:: SUPPLIED DATA ::

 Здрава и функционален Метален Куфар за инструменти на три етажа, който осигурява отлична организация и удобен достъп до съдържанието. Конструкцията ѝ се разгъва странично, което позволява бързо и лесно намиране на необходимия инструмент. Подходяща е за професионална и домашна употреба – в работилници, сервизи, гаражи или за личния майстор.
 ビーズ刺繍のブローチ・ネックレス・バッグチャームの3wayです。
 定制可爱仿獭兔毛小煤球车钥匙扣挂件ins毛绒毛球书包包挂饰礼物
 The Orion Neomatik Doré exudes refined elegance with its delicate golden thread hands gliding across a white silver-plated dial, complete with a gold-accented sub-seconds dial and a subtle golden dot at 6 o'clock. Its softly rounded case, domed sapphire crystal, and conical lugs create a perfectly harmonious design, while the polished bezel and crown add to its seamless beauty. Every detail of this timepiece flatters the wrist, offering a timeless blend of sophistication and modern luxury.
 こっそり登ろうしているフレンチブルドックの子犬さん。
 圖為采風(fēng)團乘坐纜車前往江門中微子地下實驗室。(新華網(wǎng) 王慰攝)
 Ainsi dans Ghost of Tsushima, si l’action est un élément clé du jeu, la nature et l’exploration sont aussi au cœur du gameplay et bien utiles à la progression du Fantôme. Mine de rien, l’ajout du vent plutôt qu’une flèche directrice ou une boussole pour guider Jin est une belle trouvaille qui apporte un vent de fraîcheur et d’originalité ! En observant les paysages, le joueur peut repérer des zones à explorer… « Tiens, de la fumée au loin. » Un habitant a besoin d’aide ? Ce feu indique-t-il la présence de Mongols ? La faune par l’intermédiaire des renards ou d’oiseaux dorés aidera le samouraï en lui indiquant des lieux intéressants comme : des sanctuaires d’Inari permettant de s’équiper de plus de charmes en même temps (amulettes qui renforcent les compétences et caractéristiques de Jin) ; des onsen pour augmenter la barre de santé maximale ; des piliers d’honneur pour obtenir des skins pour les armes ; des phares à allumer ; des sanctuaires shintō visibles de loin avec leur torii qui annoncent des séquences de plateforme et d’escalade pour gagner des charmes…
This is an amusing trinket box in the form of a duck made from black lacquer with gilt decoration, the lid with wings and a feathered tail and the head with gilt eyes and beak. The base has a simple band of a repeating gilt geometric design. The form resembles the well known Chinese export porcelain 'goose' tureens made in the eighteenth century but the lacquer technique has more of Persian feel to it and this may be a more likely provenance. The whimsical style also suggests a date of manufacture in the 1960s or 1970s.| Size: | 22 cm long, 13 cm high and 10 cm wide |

:::

**TASK TO CARRY OUT**
Your output must be an exact copy of every entry.

**SOLUTION TO THIS TASK**
 Здрава и функционален Метален Куфар за инструменти на три етажа, който осигурява отлична организация и удобен достъп до съдържанието. Конструкцията ѝ се разгъва странично, което позволява бързо и лесно намиране на необходимия инструмент. Подходяща е за професионална и домашна употреба – в работилници, сервизи, гаражи или за личния майстор.
 ビーズ刺繍のブローチ・ネックレス・バッグチャームの3wayです。
 定制可爱仿獭兔毛小煤球车钥匙扣挂件ins毛绒毛球书包包挂饰礼物
 The Orion Neomatik Doré exudes refined elegance with its delicate golden thread hands gliding across a white silver-plated dial, complete with a gold-accented sub-seconds dial and a subtle golden dot at 6 o'clock. Its softly rounded case, domed sapphire crystal, and conical lugs create a perfectly harmonious design, while the polished bezel and crown add to its seamless beauty. Every detail of this timepiece flatters the wrist, offering a timeless blend of sophistication and modern luxury.
 こっそり登ろうしているフレンチブルドックの子犬さん。
 圖為采風(fēng)團乘坐纜車前往江門中微子地下實驗室。(新華網(wǎng) 王慰攝)
 Ainsi dans Ghost of Tsushima, si l’action est un élément clé du jeu, la nature et l’exploration sont aussi au cœur du gameplay et bien utiles à la progression du Fantôme. Mine de rien, l’ajout du vent plutôt qu’une flèche directrice ou une boussole pour guider Jin est une belle trouvaille qui apporte un vent de fraîcheur et d’originalité ! En observant les paysages, le joueur peut repérer des zones à explorer… « Tiens, de la fumée au loin. » Un habitant a besoin d’aide ? Ce feu indique-t-il la présence de Mongols ? La faune par l’intermédiaire des renards ou d’oiseaux dorés aidera le samouraï en lui indiquant des lieux intéressants comme : des sanctuaires d’Inari permettant de s’équiper de plus de charmes en même temps (amulettes qui renforcent les compétences et caractéristiques de Jin) ; des onsen pour augmenter la barre de santé maximale ; des piliers d’honneur pour obtenir des skins pour les armes ; des phares à allumer ; des sanctuaires shintō visibles de loin avec leur torii qui annoncent des séquences de plateforme et d’escalade pour gagner des charmes…
This is an amusing trinket box in the form of a duck made from black lacquer with gilt decoration, the lid with wings and a feathered tail and the head with gilt eyes and beak. The base has a simple band of a repeating gilt geometric design. The form resembles the well known Chinese export porcelain 'goose' tureens made in the eighteenth century but the lacquer technique has more of Persian feel to it and this may be a more likely provenance. The whimsical style also suggests a date of manufacture in the 1960s or 1970s.| Size: | 22 cm long, 13 cm high and 10 cm wide |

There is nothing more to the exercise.